E.E. Cummings said, "It takes courage to grow up and become who you really are." I admire those who have stepped into their adult shoes with ease. It has taken me a bit longer than most, but I'm getting there. I'm realizing the difference between having goals and chasing foolish ventures. It is a weakness of mine to always be looking for the next best thing. It has caused me to overlook some great things and people in the past. Perhaps I have even overlooked some great things inside of me that I thought needed to be different. Being comfortable in our own skin is a sign of maturity and growth. I let my growth get a bit stunted instead of accepting the person that has been changing. Instead of embracing my independence, I have been hiding from it for a long time.
I'm tired of hiding out. I don't want to miss out on the good stuff because I think there's something better. Last month, I returned to a place that has always felt the most like home to me and could not be happier. I feel as if I had to leave in order to come back and see how much I truly missed it and the people I care about most. Coming back took more courage than I realized because it made me finally accept myself as I am...not who I think I'm supposed to be. No one can tell me the life I'm supposed to be living. We make our own definitions of success for ourselves. I define success as doing something that makes you happy and being able to balance that with having fun with friends who accept you and support you regardless.

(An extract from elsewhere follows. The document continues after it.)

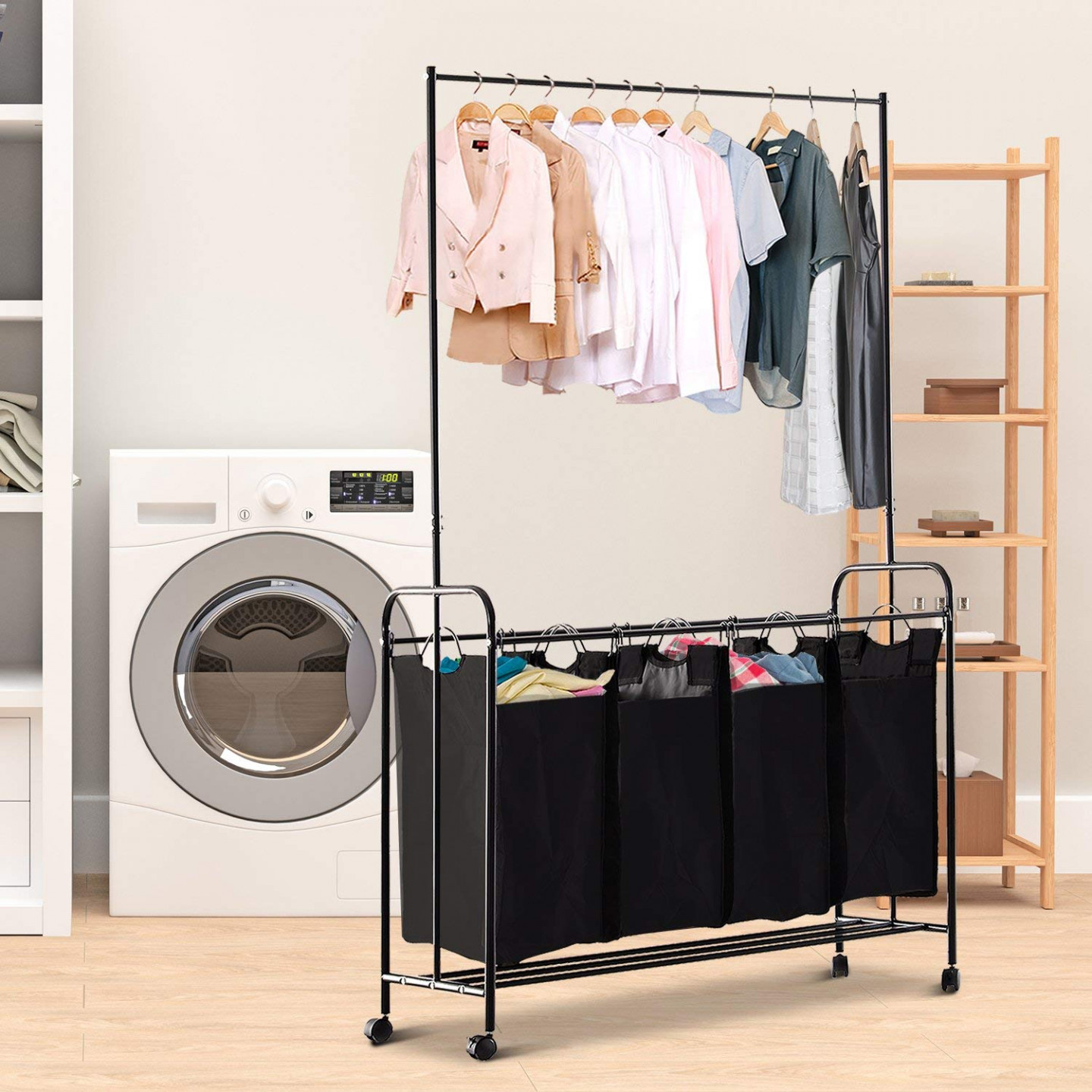 - Vybaveno 4 samostatnými pytlemi na prádlo s kovovými rukojeťmi
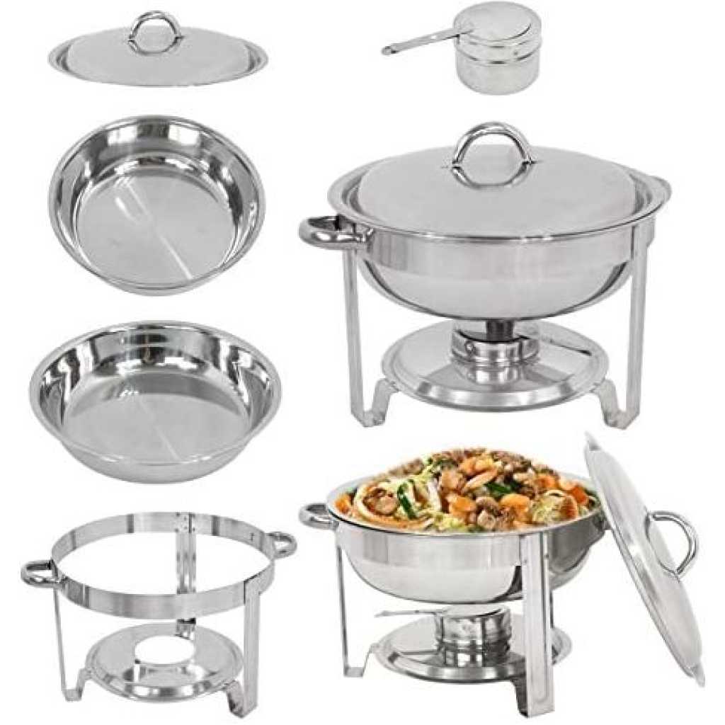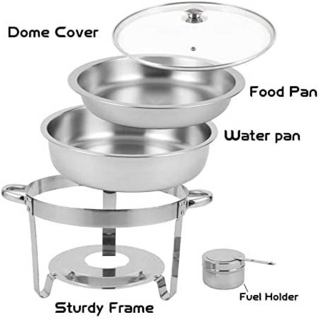 Key Features: Chafing Dish Round Chafer Buffet Catering Warmer Food And Water Pan, Lid, Solid Stand, And Fuel Holder. Durable Construction – Made completely out of corrosion-resistant 18/8 stainless steel, the stainless steel is a heavy commercial grade, yet it is still lightweight to lift, this chafer is built to withstand the demands of your catering outfit or buffet line. With durable stainless steel construction, its elegant and spacious design adds long-lasting serving functionality and sleek style to any party or catering event. Even Heat Distribution – Maintains proper food temperature for the best cuisine with this heavy-duty 5-quart buffet chafer. Place your heat source in the fuel holder, install and fill the lower pan with water to evenly distribute heat, and place your food in the upper pan. This durable stainless steel chafing dish maintains foods at just the right temperature and can keep food hot or cold for hours. Considerable Details – Features a heavy-duty stand to provide stability. The elevated shelf positions heat close to the water pan, maintaining your food’s perfect serving temperature for hours. This elevation also minimizes exposure to the flame, ensuring guest’s and staff’s safety. One of the biggest advantages of this chafer is that you can serve directly from the oven or stovetop using the wide stainless steel handles for easily transporting the dish. One Complete Kit – Complete with a water pan, food pan, cover, and fuel holders, this chafer has everything you need to keep your hot food items warm throughout the entire length of your reception, banquet, or catered event. This chafer features a divided food pan for ultimate versatility and allows you to be served right away! The Perfect Addition – Get out of the kitchen and into the cooking spotlight. Stainless steel ensures superior strength. NEVER rust, tarnish or corrode. To draw your guests in, a mirror finish on the lid and body of this chafer beautifully picks up on and reflects out, your venue’s ambient lighting for a glamorous presentation.

Now that I am getting more and more comfortable in my skin, I am finding that my personal relationships are becoming easier to define and maintain. My professional life can be a three ring circus, so I need my personal life to be effortless. I have learned that open communication and being honest about what I want is getting me what I want. I am lucky to have people in my life that appreciate this honesty. I used to be okay with gray areas and since I've boycotted those, I find I am much happier and less stressed. Obviously from time to time, our personal relationships will have a few hurdles to climb but the good ones should make our lives easier and help us to continue growing. I doubt I'll ever fully "grow up" but I can finally say I know who I am. I'm no longer afraid of who that is. I'm actually kind of proud of her.